BRADENTON, Fla. - The Kentucky House has passed a bill that would authorize the state to use public-private partnerships.
House Bill 443, sponsored by Rep. Leslie Combs, D-Pikeville, passed 84-13 after being amended on Feb. 25.
The enabling legislation would allow state government to partner with private companies to complete public infrastructure, transportation, and other needs.
A similar bill passed during the 2014 session. However, it was vetoed by Gov. Steve Beshear because it prohibited the use of tolls on the Brent Spence bridge project between Cincinnati and northern Kentucky.
Beshear and Ohio Gov. John Kasich recently ordered consultants to find design changes to lower the $2.6 billion construction cost of the new bridge and renovation project, for which they plan to use a P3. With financing, interest, operations, and maintenance the total project cost is currently estimated at $3.57 billion.
Combs said that HB 443 does not mandate use of tolls on any project. However, she acknowledged that the issue of tolls has concerned some lawmakers, particularly those in northern Kentucky where many residents oppose tolls on the Brent Spence project.
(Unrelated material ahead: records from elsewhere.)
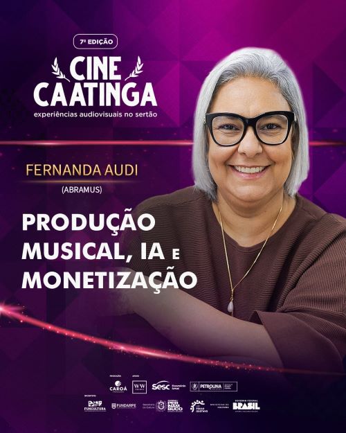 A relação entre inteligência artificial, produção musical, direitos autorais e novas formas de monetização será tema de uma das palestras do “Cine Caatinga – Experiências Audiovisuais no Sertão”, festival que acontece em Petrolina (PE). A atividade será conduzida por Fernanda Audi, diretora de operações da Abramus (Associação Brasileira de Música e Artes), reconhecida nacionalmente por sua atuação na área de gestão coletiva de direitos autorais. O evento será nesta quinta-feira, 05, às 19h, no Teatro do Sesc da cidade (Centro).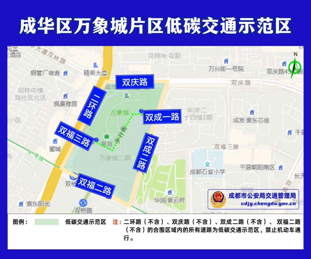 二环路(不含)、双庆路(不含)、双成二路(不含)、双福二路(不含)的合围区域内的所有道路,禁止机动车通行。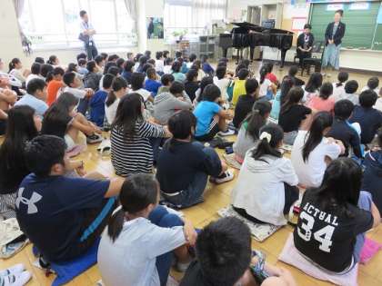 平井李枝先生のお話を、6年生の子どもたちだけでなく、本校の先生方も初めて知ることばかりなので、聞き入っていました。

The bill says that a "state authority shall not enter into a public-private partnership related to a project connecting the Commonwealth with the state of Ohio unless the General Assembly expressly authorizes it by passing a joint resolution."
"This bill is about creating public private partnerships in Kentucky," Combs said. "It is not about a particular project. It's not about doing a project in Northern Kentucky. It's not about doing tolls."
Lawmakers accepted several amendments to HB 443 proposed by State Rep. Arnold Simpson, D-Covington, who opposes tolling the Brent Spence.
Simpson filed the amendment in last year's P3 bill that prohibited tolls on the Brent Spence. He told lawmakers during consideration of this year's bill that he still hates tolls.
One of his amendments to HB 443 would require that tolls imposed as part of a transportation project using a P3, and which costs more than $100 million, be discontinued when the initial construction debt is paid.
Such a measure could make it difficult to manage large projects with private partners that are structured with availability payments for operations and maintenance duties long after construction is over.
Kentucky Transportation Cabinet spokesman Chuck Wolfe said the agency is analyzing the amended bill to determine its effect.
"Large projects typically entail costs that continue well past construction," he told The Bond Buyer. "Those costs would have to be paid from some other public source, and at the expense of some other public need."
HB 443 now goes to the Senate for consideration. It includes a clause declaring an emergency that would allow the bill to take effect immediately if it is signed into law by the governor.